Table 6 Semantic segmentation conducted on ADE20K for 160K iters with performances of different backbones. “Param” refers to number of parameters

Full size table

Table 7 Tests of robustness on three different datasets

Full size table

Table 8 Experimental results for different position embedding

Full size table

Evaluations of Robustness: We tested the robustness of our pre-trained model on 3 datasets using 2 RTX3090 GPU: (1) ImageNet-A [20] includes 200-class subjects of ImageNet-1K, which is a dataset of adversarial filtered images of real-world; (2) ImageNet-C [19] consists of 15 types of algorithmically generated corruptions from noise, weather, and digital categories. Each type of corruption has 5 levels of severity, resulting in 75 distinct corruptions; (3) Stylized-ImageNet [13] is created by applying AdaIN style transfer to ImageNet images.
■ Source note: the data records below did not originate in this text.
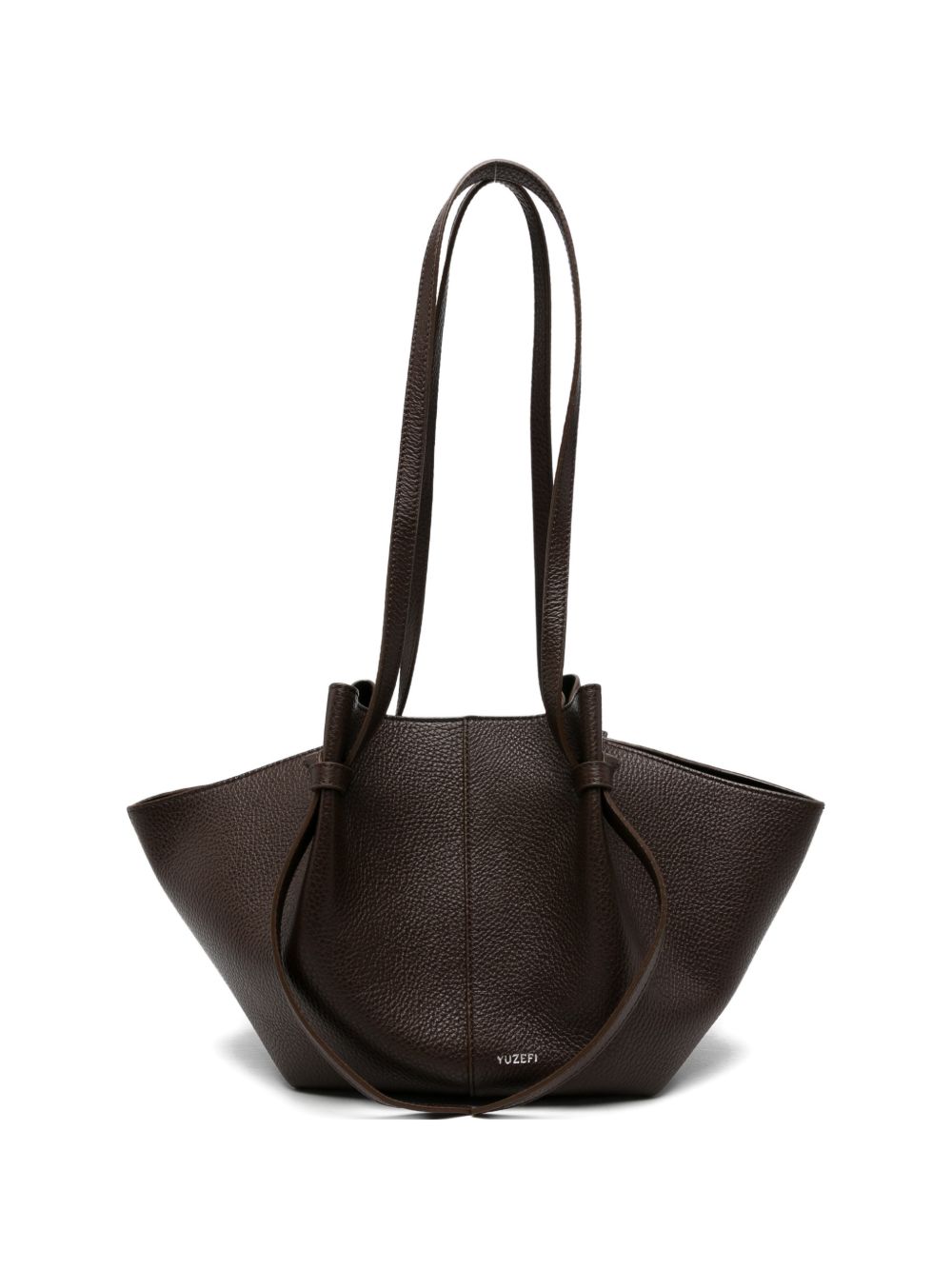 Coffee-colored leather Mochi bag, designed to be worn over the shoulder, with a magnetic closure. The adjustable shoulder strap features a distinctive knot that can be loosened to extend the strap and secure it in place.
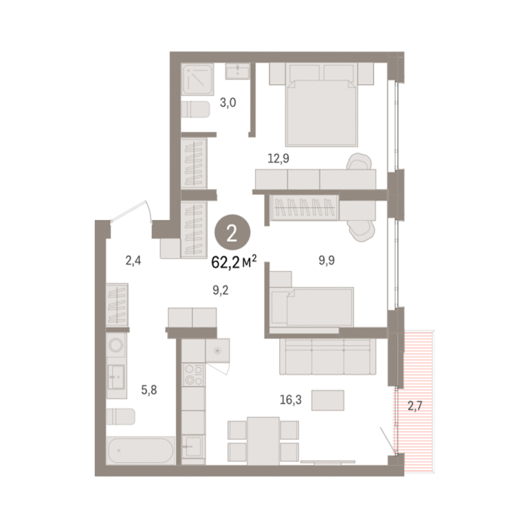 | Общая площадь: | 62.2 м2 |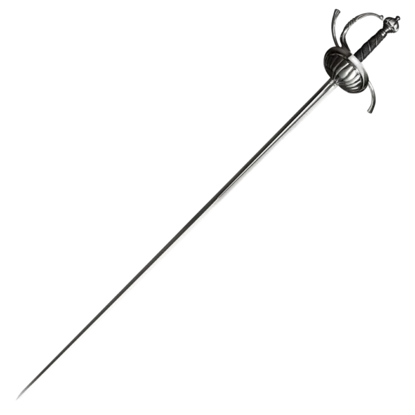 Its long, double-edged blade was ideal for delivering the point at great distances. Its elaborate hilt (evolving from rings, bars and quillons, to shells, and chiseled cups) offered excellent protection and caught or deflected blows with ease. Sadly, the rapier eventually succumbed to the dictates of fashion and gave way to smaller swords. Our modern interpretation of this historical classic has a long, narrow blade with a single wide fuller to assure perfect balance. Its hilt features a classic ribbed shell and multiple bars, quillons and a knuckle bow for hand protection. The grip is made of wood covered with rich black ray skin and wire and terminates in a heavy ribbed pommel that serves as a perfect counter balance to our Rapier's blade.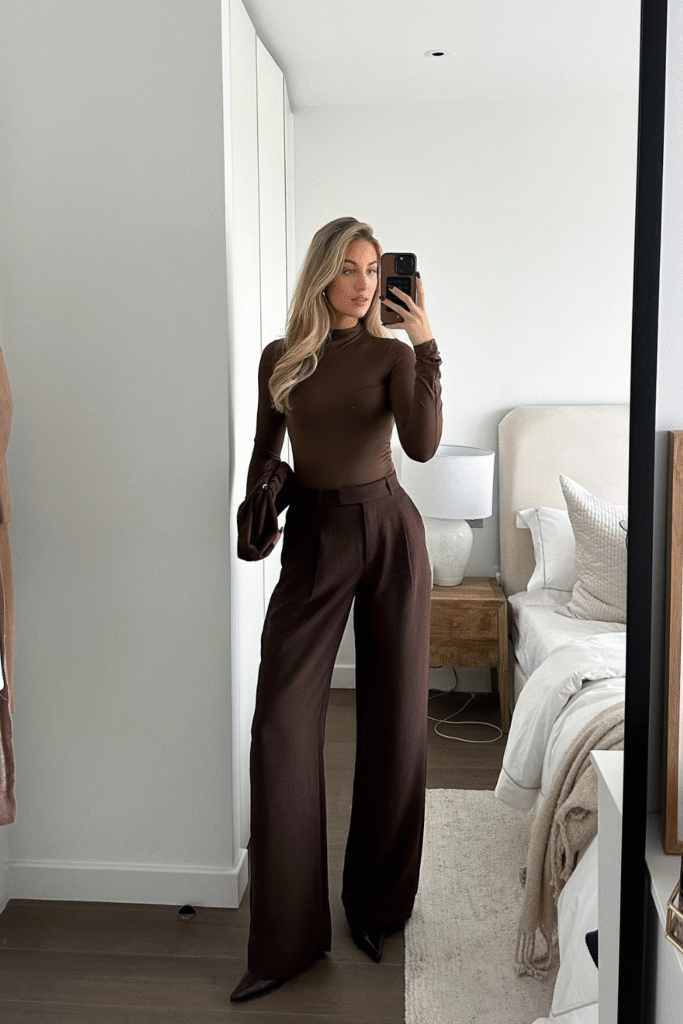 You elevate subtlety when you pick a chocolate turtleneck tucked into matching high-waist trousers.

After applying AdaIN style transfer, local texture cues are no longer highly predictive of the target class, while the global shape tends to be retained.
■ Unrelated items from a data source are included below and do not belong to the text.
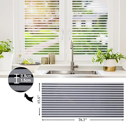 Stripe Window Film Privacy 🍀Recyclable🍀: The product is made of PVC + PET material. It has a long service life. It is easy to move and can be reused.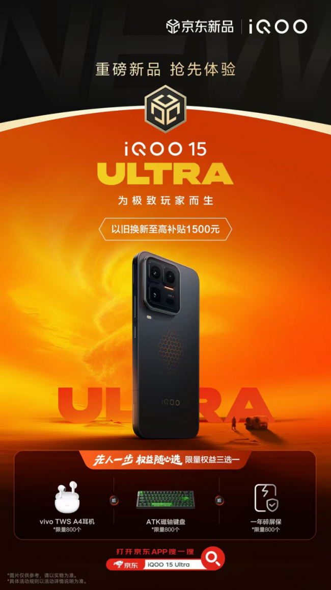 来京东先人一步预约iQOO 15 Ultra 9.9元锁定保修服务全家桶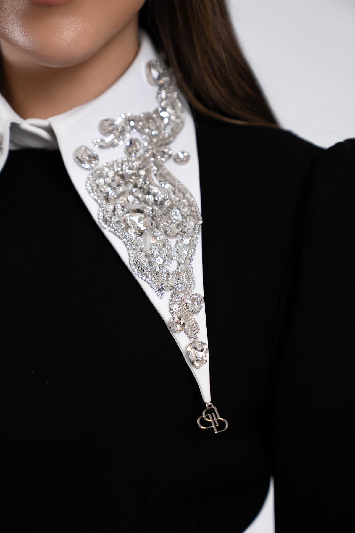 Inspired by the calm beauty of moonlight, this handcrafted collar is made on a luxury white crepe base and adorned with more than 740 crystals. Each detail reflects softness and refined elegance, creating a luminous look that symbolizes purity, grace, and timeless femininity.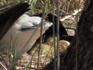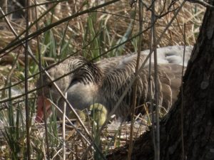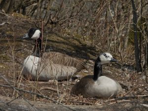 Von den drei Kanadagans-Paaren haben zwei Paare Platz am Nest bezogen. Ein drittes Paar verteidigt nach wie vor “ihre” Insel; Nestbau hier noch nicht beobachtet.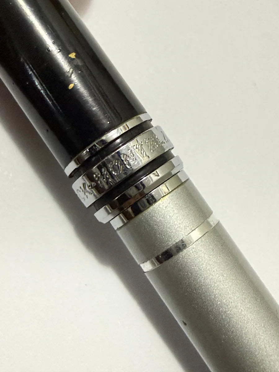Caneta tinteiro Montblanc Meisterstück antiga, corpo preto com detalhes prateados e emblema branco no topo. Anel gravado “MEISTERSTÜCK”. Pena marcada “BRILBO MEDIUM” (pena substituída). Possui reservatório/conversor. Vendida no estado, conforme fotos.
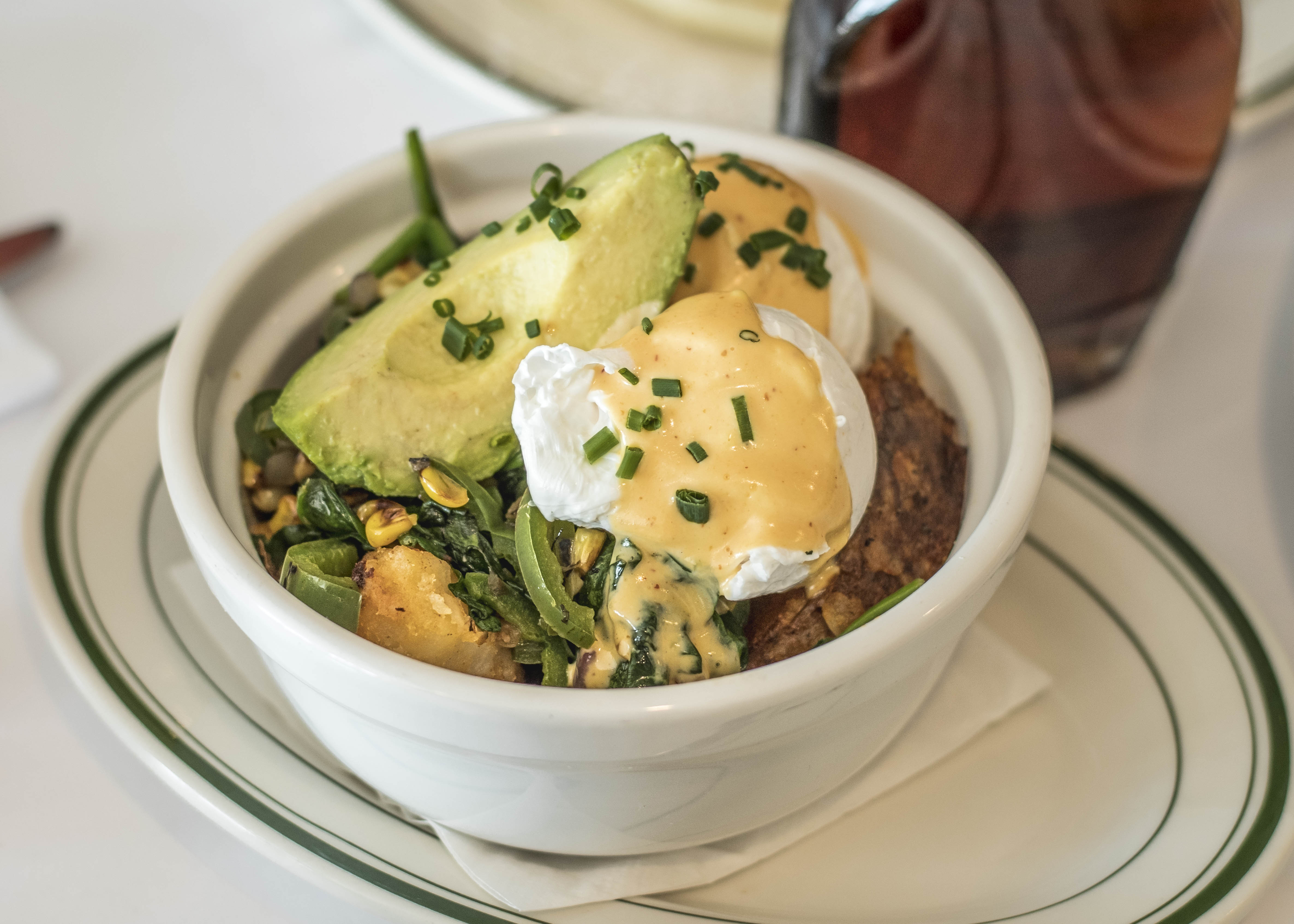 2 Eggs Any Style, Avocado, Homefries, Spinach, Onion, Corn, Jalapeno, Chipotle Hollandaise (GF)

Results: As reported by [2] and shown in the Table 7, the traditional transformer has a stronger robustness on out-of-distribute samples than CNN based networks. We further validate this conclusions in this section. Especially, when we introduce CNNs into transformer, the robustness of out-of-samples reduces. The deeper the network, the greater the performance gap (for the networks of the same size).

5 Ablation study

Position Embedding: As shown in Fig. 2, the Stage 2 to Stage 4 are constructed the same way with transformer encoder. In this section, we verify the effectiveness of the position embedding by removing the it from Transformer Encoder in different layers of Conv-PVT-Tiny. Then we train it 100 epochs on ImageNet (show in Table 8). Results prove that by removing position embedding, we suffer different degrees of loss. Especially, when we remove position embedding from the 2nd layer, the accuracy decreased by 0.9%; if we remove it from both the 2nd and the 3rd layers, the accuracy decreased by 0.8%. Finally, it decreased by 1.0% without any position embedding. The function of position embedding could be described as follows: The feature map of each layer is reshaped into a two-dimensional vector, which is then flattened to form the spatial information via position embedding. Without it, the spatial information is disrupted.
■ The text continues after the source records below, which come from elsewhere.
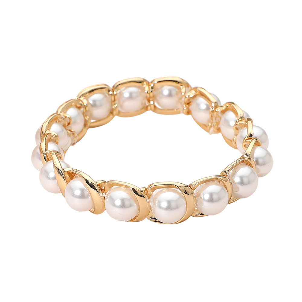 Details • Size : 0.8" H • Stretchable • Elegant pearl bead stretch bracelet designed with smooth rounded detailing for a refined, effortless look. Comfortable slide-on fit makes it ideal for daily wear, stacking with other favorites, or styling alone as a subtle statement for casual, work, or evening outfits. • Lead and Nickel Compliant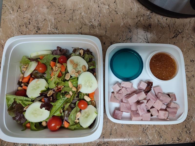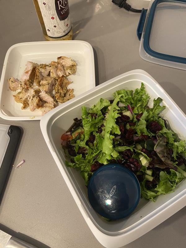 Love this!!! I have used it so many times for so many different things. The dressing container is also the perfect amount of dressing for a salad. Loved that the tray piece is microwave safe so I can just warm up parts of my lunch.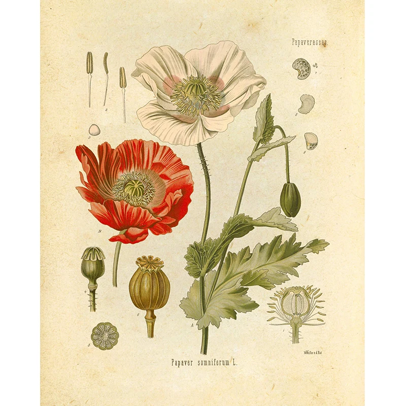 Винтажные растительные принты, принты диких цветов, Картина на холс...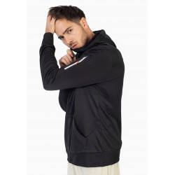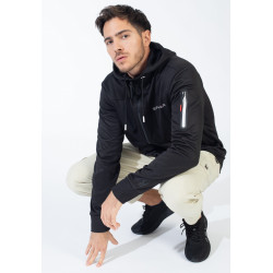 Hooded zip-up jacket. Drawstring hood. Side pockets with a zipped pocket on the left sleeve. Logo on the front and left sleeve.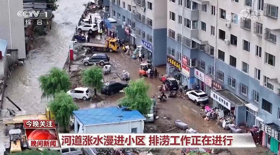 河道漲水漫進(jìn)小區(qū) 排澇工作正在進(jìn)行
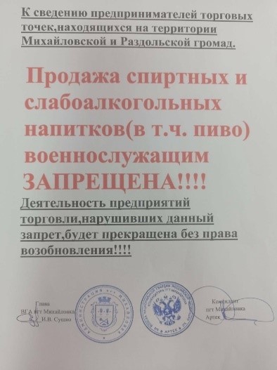 Деталі: Щоб зменшити моральне розкладання підрозділів, в ситуацію втрутилась комендатура Росгвардії та влада колаборантів Михайлівської громади, заборонивши крамницям продаж будь-якого алкоголю військовим РФ на територіях Михайлівської та Роздольської громад.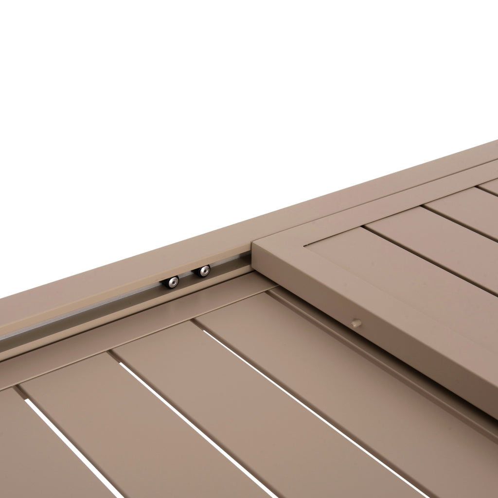 Този външен трапезен комплект се състои от алуминиева разтегателна маса в цвят капучино и 6 алуминиеви фотьойла CHAMPAGNE. Фотьойлите могат да се стифират. РАЗМЕРИ: МАСА: 160-240x90x73H см. Разстояние между краката: 148x80 см. Алуминиеви спецификации: 60x60x1.2mm---- 65x35x1.5mm КРЕСЛА: 63x58x85H cm. Размери на седалката: 38х42 см. Размери на гърба: 44.5х45 см. Височина на ръцете: 63,5 см. Височина на седалката: 44,5 см. Височина на крака: 35 см. Разстояние на краката: 48-53x52-56 см. Височина на крака отзад: 43-47,5 см. Размери на алуминиева рамка: Φ25mm x T1.5mm Размери на алуминий на задната седалка: 40mm x 4mm КОНСТРУКТИВНИ МАТЕРИАЛИ: МАСА И ФЪТЬОЬОЛИ: -Алуминий с електростатично боядисване. Електростатичното боядисване е процес на сухо прахово боядисване на боя, използвана като метално покритие. ПОДДРЪЖКА: Достатъчно е забърсване с влажна кърпа. Не използвайте химически почистващи препарати. Масата се доставя в несглобен вид и се сглобява лесно, тъй като всички необходими части са включени в опаковката.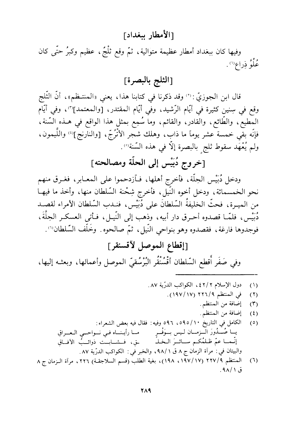 [6] المنتظم 9/ 227 (17/ 197، 198) ، بغية الطلب (قسم السلاجقة) 226، مرآة الزمان ج 8 ق 1/ 98.
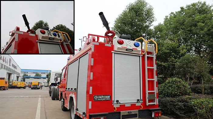 在箱體尾部上方還有兩個(gè)紅藍(lán)兩色的爆閃燈,它們的作用是讓出警時(shí)的消防車更加醒目,同時(shí)提醒行人和車輛及時(shí)避讓。箱體尾門卷閘門旁邊還有一架折疊梯子,它的作用是方便消防員到車頂取用或操作消防設(shè)備,設(shè)計(jì)很周到。這個(gè)小細(xì)節(jié)也很重要,在尾門下面可以看到兩個(gè)黃色的圓環(huán),它們的作用是能夠讓這臺(tái)泡沫消防車在必要時(shí)牽引車輛或清理障礙。

Different Conv-stem: In this section, we try to test different settings of Conv-PVT-Tiny to find the optimal Conv-stem. As shown in Table 5, generally, the setting in the 3rd row makes the optimal configuration. When we reduce the number of convolution block, the accuracy drops quickly. However, we do not enjoy an increase of accuracy by adding more convolution blocks. Therefore, we regard 4conv+1proj with kernel size (7,3,3,3,3) as the optimal setting for Conv-PVT-Tiny.

6 Analysis

Through the above experiments, we find that replacing the Transformer encoder with CNN has indeed shortened the training time and reduced the memory footprint, but it also sacrifices a bit accuracy for medium and large models. Because the implanted CNNs down-samples the feature maps, and outputs to the transformer block, which results in the loss of fine-grained features. Stacking more transformer and CNN blocks could not improve the overall performance, but only increases the computation load. And it is against our design intention. Meanwhile, we also find that the one-stage and two-stage detectors exhibit different performances in carrying out down-stream vision tasks. The reason is one-stage detector needs longer time to mitigate the imbalanced sample problems.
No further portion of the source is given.